Like all medicines, Aspirin Pain Inflammation 20 Tablets 500 mg can cause side effects - What are the side effects of Aspirin Pain Inflammation 20 Tablets 500 mg?

Frequencies: Not known (cannot be estimated from the available data). Blood and lymphatic system disorders: Bleeding and tendency to bleed (epistaxis, bleeding gums, purpura, etc.) with increased bleeding time. The risk of bleeding may persist for 4-8 days after stopping acetylsalicylic acid. May cause an increased risk of haemorrhage in case of surgery. Intracranial and gastrointestinal haemorrhages may also occur. Immune system disorders: Hypersensitivity reactions, anaphylactic reactions, asthma, angioedema. Nervous system disorders: Headache, dizziness, sensation of hearing loss, tinnitus, usually indicating an overdose. Intracranial haemorrhage. Gastrointestinal disorders: Abdominal pain. Occult or overt gastrointestinal haemorrhage (haematemesis, melaena, etc.) resulting in iron deficiency anaemia. The risk of bleeding is dose-related. Gastric ulcers and perforations. Intestinal diaphragm disease (especially in long-term treatment). Renal and urinary disorders: renal impairment and acute kidney injury have been reported. Hepatobiliary disorders: elevated liver enzymes usually reversible with discontinuation of treatment, liver damage, mainly hepatocellular in nature. Skin and subcutaneous tissue disorders: urticaria, rash. General disorders: Reye's syndrome (see section 4.4).
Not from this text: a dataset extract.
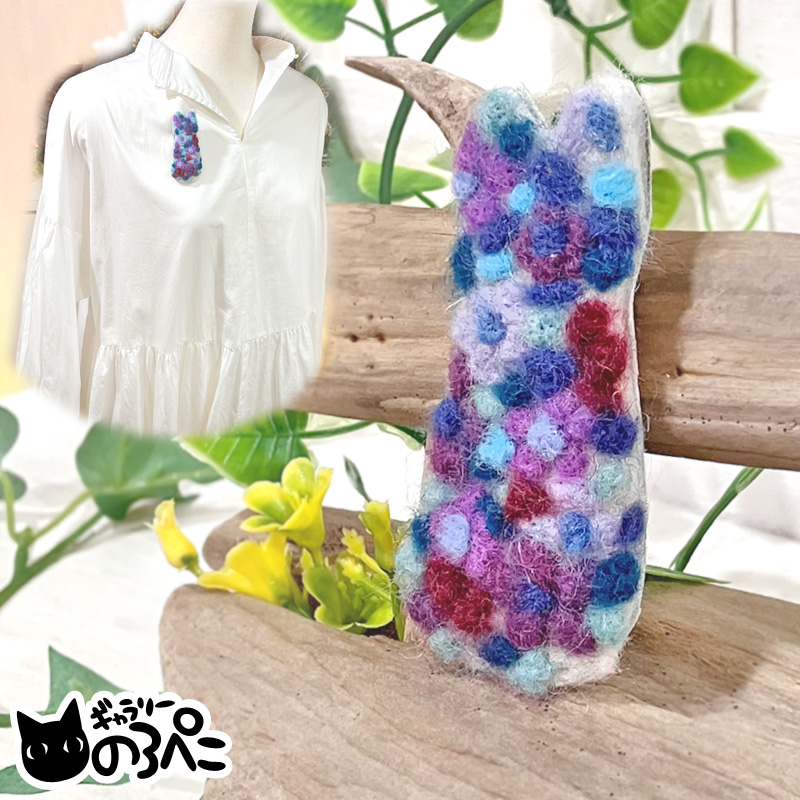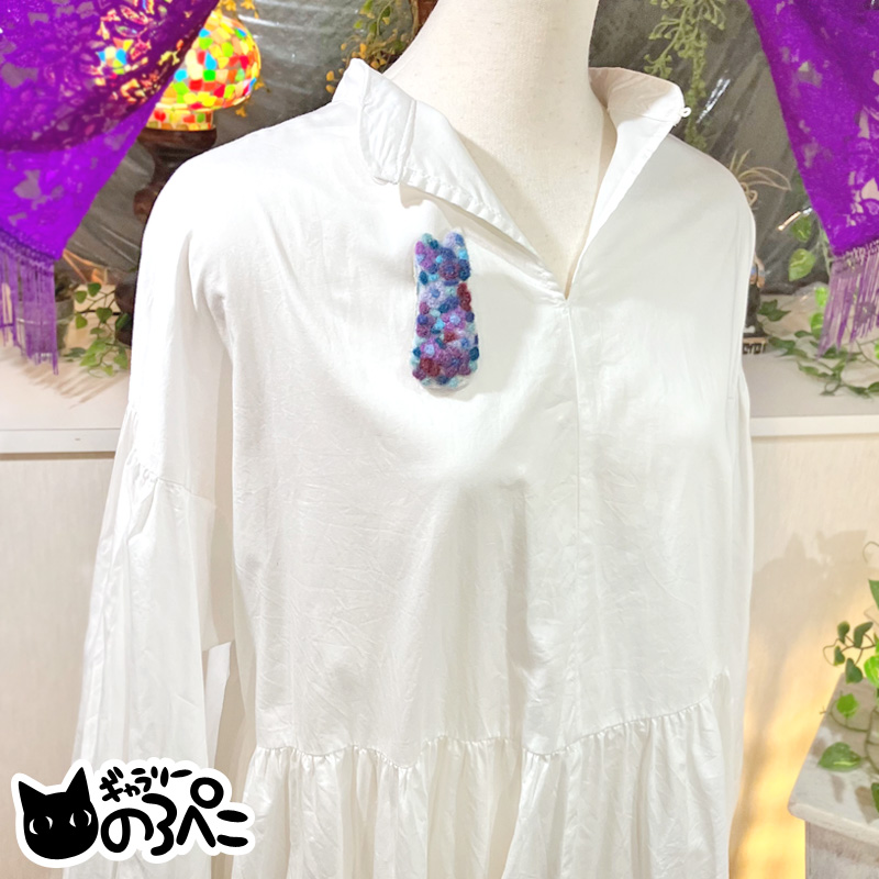 からだいっぱいにパープル系の花を咲かせました。軽いので帽子やストールなどにつけても邪魔にならないと思います。

Reporting of adverse reactions It is important to report adverse reactions after authorisation of the medicinal product. This allows continued monitoring of the risk-benefit ratio of the medicinal product. Healthcare professionals are asked to report any suspected adverse reactions via the website: https://www.aifa.gov.it/content/segnalazioni-reazioni-avverse.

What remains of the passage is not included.